━━ Provided information

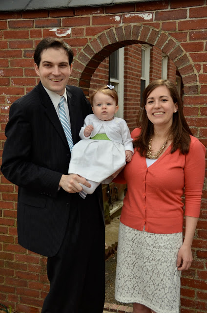 Nell wore the sweetest little Pottery Barn Kids dress I had found at a consignment store a couple of months ago. I didn't even know they made clothes, but it was a beautiful dress, very well-made, with a pale green polka dot sash. I found her a little cardigan to go over it at Target.
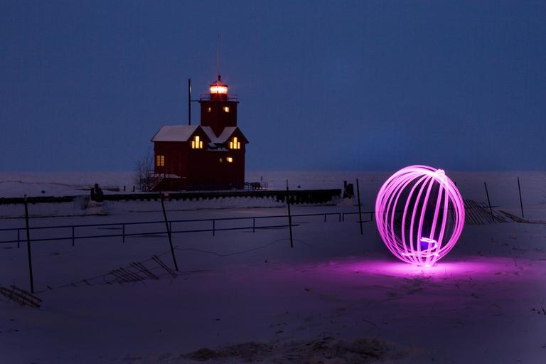 Keywords: orb long exposure lights night lighthouse winter red snow ice landscape cold nautical michigan lilac artictic
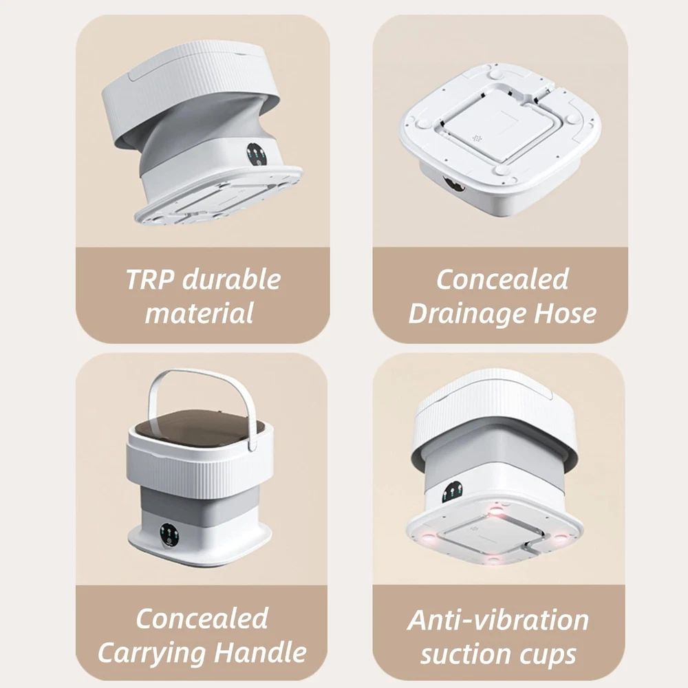 Features Portable and Compact : The foldable washing machine comes with a drainage pipe and a collapsible drainage basket , making it easy to carry . It is an ideal choice for apartments , dorms , RVs , travel , or camping . Deep Cleaning : This mini washing machine provides washing speed and achieves powerful removal effects . With blue light , it is for cleaning baby clothes , underwear , socks , and other small garments . Space Saving Foldable Design : This small portable washer ingeniously adopts a foldable design . It can be easily placed between shelves or under the bed , without taking up too much space . Adjustable 3 Modes : The mini washer has 3 speed adjustment function with three patterns from left to right . The pattern lights up to indicate the selected cleaning mode . Short press the bottom button to switch to different cleaning modes . Low Power Consumption : Portable washing machine is made of TPE and silicone materials , making it an excellent choice for personal items . It requires only 0 . 05 kWh of electricity per laundry , making it energy saving . Specification Item Type : Foldable Washing Machine Material : Plastic How to Use The first pattern indicates a 3 minute semi drying time The second pattern indicates a 10 minute standard washing time The third pattern indicates a 5 minute gentle washing time Package List 1 x Foldable Washing Machine 1 x Washing Machine Cover 2 x Basket 1 x Drain Pipe 1 x Plug ?【COMPACT AND PORTABLE】 The mini washing machine with dryer is small and compact , weighs only 4 . 6lbs , and has a folding design , which makes it easy to store and carry , and can be easily applied to homes , apartments , dormitories , RVs , hotels , and travel or camping situations where space is at a premium . ?【EFFICIENT AND POWERFUL】 This portable washer features a blue light design that provides all around hand imitation washing with precise speeds for powerful removal , and washes small clothes such as baby clothes , underwear or socks , and is equipped with a spin dryer dryer for quick drying of laundry . ?【WITH 3 WASHING MODES】 This collapsible mini washing machine with spin dryer has 3 washing modes , which are flexibly maneuvered and easily operated via timer buttons of 3 minutes (half spin) , 5 minutes (soft wash) and 10 minutes (standard wash) to ensure efficient deep cleaning . ?【LOW POWER CONCUMPTION】 The small washing machine features an energy saving design that significantly reduces power and water consumption compared to traditional ones , requiring only 0 . 05 kWh per wash , while the new design delivers quieter with virtually no noise . ?【SUPERIOR DURABILITY】 This foldable washing machine with spin dryer is made of TPE and food grade silicone material , which not only features high strength and excellent durability , but also provides unparalleled safety for your cleanliness and health .
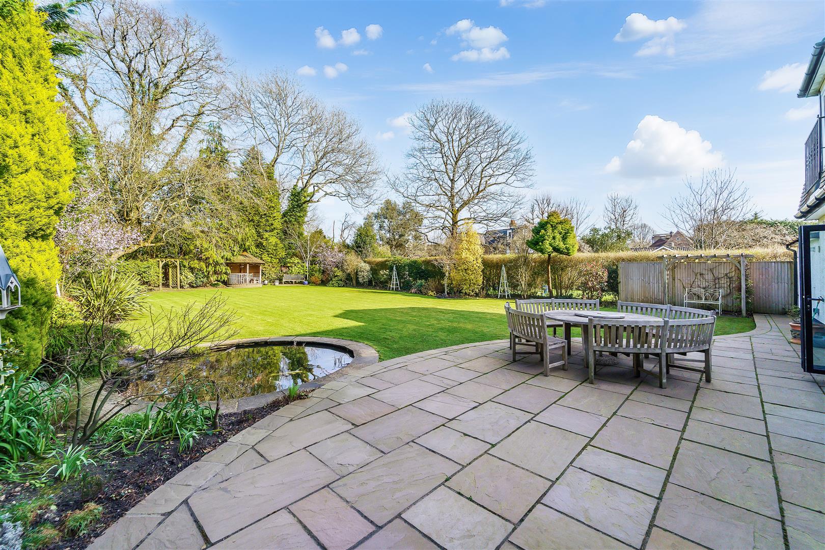 The rear garden exudes peace & bliss with a 0.3 acre east facing plot and rear garden measuring up to 115ft. Attached there is a garage and plentiful parking for eight vehicles by way of a fully tarmacked driveway.
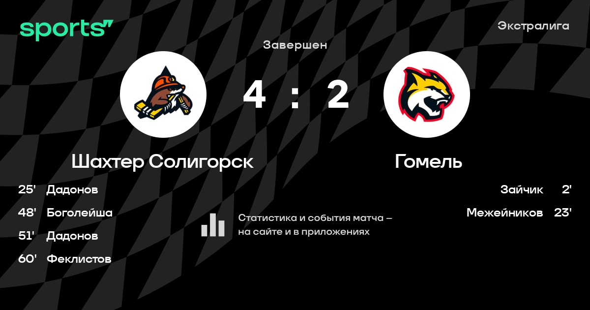 В прошедшем матче в рамках турнира Экстралига состоялась встреча команд Шахтер Солигорск - Гомель в городе Солигорск (Беларусь) на стадионе Ледовый дворец спорта Солигорск (вместимость - 1800)

━━━━

Quote, please, every line of the material above from its start through the line that has "Keywords: orb long", reproducing the words exactly and dropping any images.

 Nell wore the sweetest little Pottery Barn Kids dress I had found at a consignment store a couple of months ago. I didn't even know they made clothes, but it was a beautiful dress, very well-made, with a pale green polka dot sash. I found her a little cardigan to go over it at Target.
 Keywords: orb long exposure lights night lighthouse winter red snow ice landscape cold nautical michigan lilac artictic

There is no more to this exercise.